Since I decided to do the experiment on an equal basis, I used HpBandSter which has an implementation for BOHB, with HyperBand and RandomSearch as an optimizer. An official example can be found here. Based on this example, we have a small CNN in Pytorch which will be tuned for the MNIST dataset. I ran this example based on three different optimizers:

BOHB
HyperBand
RandomSearch.

For each optimizer I used the following budgets:

Configurations	Range value
Min budget	[1]
Max budget	[1,2,3,4,5]
Number of iteration	[1,2,3,4,8,10]

It means that we have run different combinations, at least 26 experiments to examine the capabilities of optimizers (BOHB, Hyperband, Random Search).

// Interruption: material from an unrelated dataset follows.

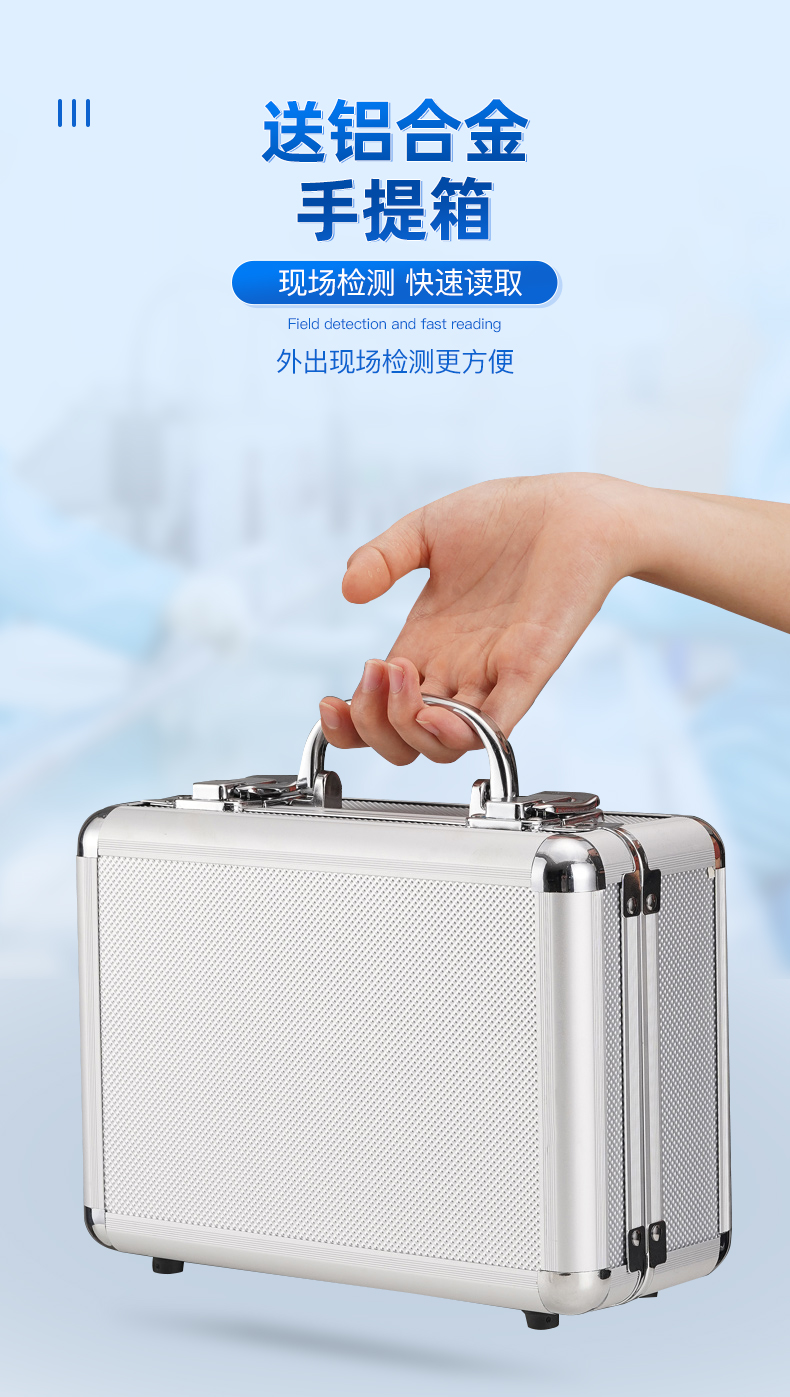 該設備為全新升級產品,大屏幕觸摸顯示屏,代替傳統按鍵。操作采用生物化學反應方法檢測ATP含量,ATP熒光檢測儀基于螢火蟲發光原理,利用“熒光素酶—熒光素體系”快速檢測三磷酸腺苷(ATP)。ATP拭子含有可以裂解細胞膜的試劑,能將細胞內ATP釋放出來,與試劑中含有的特異性酶發生反應,產生光,再用熒光照度計檢測發光值,微生物的數量與發光值成正比,由于所有生物活細胞中含有恒量的ATP,所以ATP含量可以清晰地表明樣品中微生物與其他生物殘余的多少,用于判斷衛生狀況。

In addition, through this example we want to find the best configuration for CNN based on the following hyperparameters.

Parameter name	Range
Learning rate	[1e-6, 1e-2]
Number of conv layers	[1,3]
Number of filters in the first conf layer	[4, 64]
Dropout rate	[0, 0.9]
Number of hidden units in fully connected layer	[8,256]

Configuration taken from hpbandster documentation

After running these experiments with various configurations in Neptune, I got some insightful results.

Follow all the experiments in Neptune

Here you can see a nice contrast between those optimizers for n_iteration=3 and max_budget=3. I find that if I increase the number of iterations, all optimizers finally get best performance, but when the budget is significant, BOHB could do it better.

Neptune hyperband bohb comparison — *Comparison between (BOHB, HyperBand, RandomSearch) for n_iteration=3 and max_budget=*

Eventually, for max_budget=5 and n_iteration=4, each optimizer finds one best configuration which you can check in the following table.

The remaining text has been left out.